Smoke detectors should be placed on each level of your home and outside of each sleeping area. If bedroom doors are closed on a regular basis place smoke detectors both inside the bedrooms and outside in the hall. It is important to test smoke detectors and replace the batteries on a regular basis. The easiest way to remember when to change the batteries is when the time changes in the spring and the fall of each year. Never disable a smoke detector by removing the batteries or leaving the smoke detector cover open. Investigate any smoke detector sounds immediately and make any necessary changes to repair it to keep your family safe.

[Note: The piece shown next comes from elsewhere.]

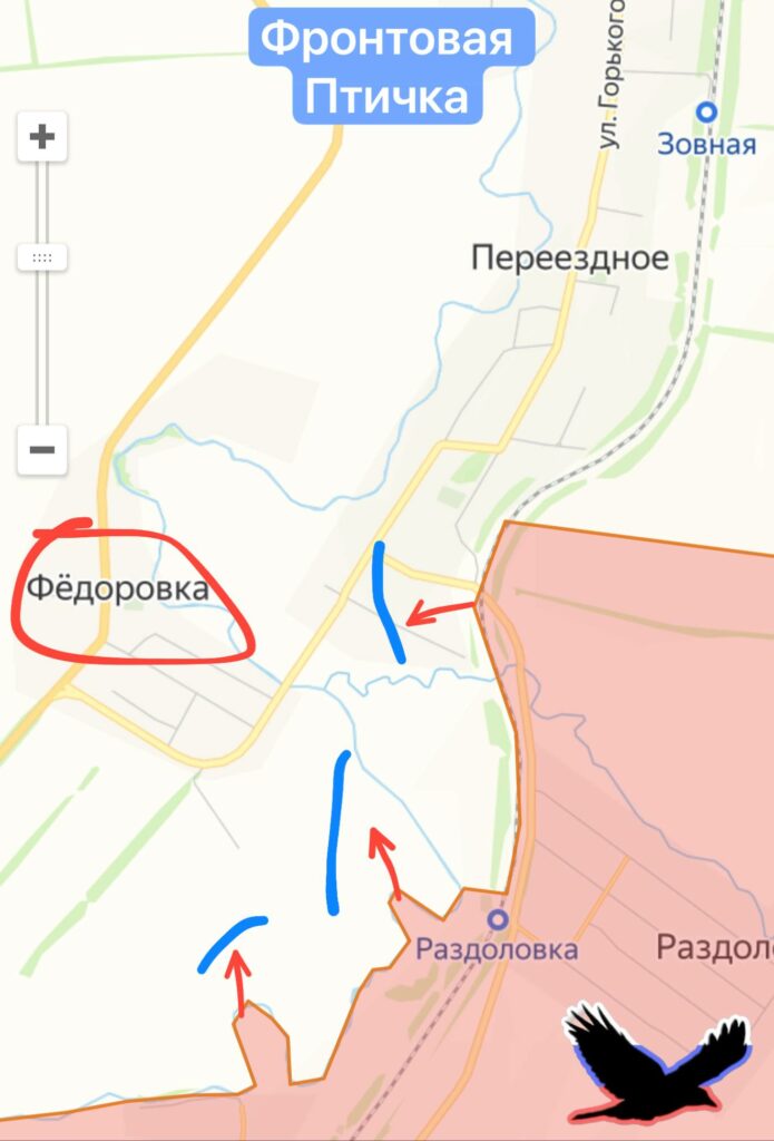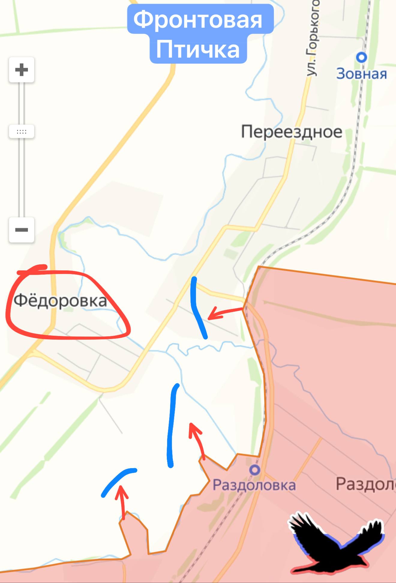 Наши мотострелки продолжают движение по направлению к Федоровке. За сутки продвижение составило порядка 1 км. Идут позиционные бои. В районе Федоровки уничтожен пункт управления БПЛА всу.

Emergency Escape Plans. Does your have have one? Families who have an Emergency Escape Plan in place have a higher survival rate than those who don’t have one.

Carbon Monoxide Detectors

Each year in America over 500 people die, and another 15, 200 are sent to emergency rooms for carbon monoxide poisoning. Because carbon monoxide is an odorless, tasteless and colorless gas, it often goes undetected. At low levels carbon monoxide can cause dizziness, headaches disorientation, nausea and fatigue. At higher levels it can cause harm or death before you even realize it is on your home.

The best way to guard against carbon monoxide poisoning is to install carbon monoxide detectors. Place detectors close to sleeping areas. A good carbon monoxide detector will emit an audible warning signal. To ensure your family’s safety be sure to check your detectors on a regular basis. If your detectors are 10 years old or you’re not sure of their age, they must be changed.

A carbon monoxide detector measures CO levels over time. If carbon monoxide is detected, an alarm will sound. usually before most healthy adults feel any symptoms. It is important to ventilate the home, and remove all people and animals from the building. Contact a qualified service professional to check the CO level and make necessary changes.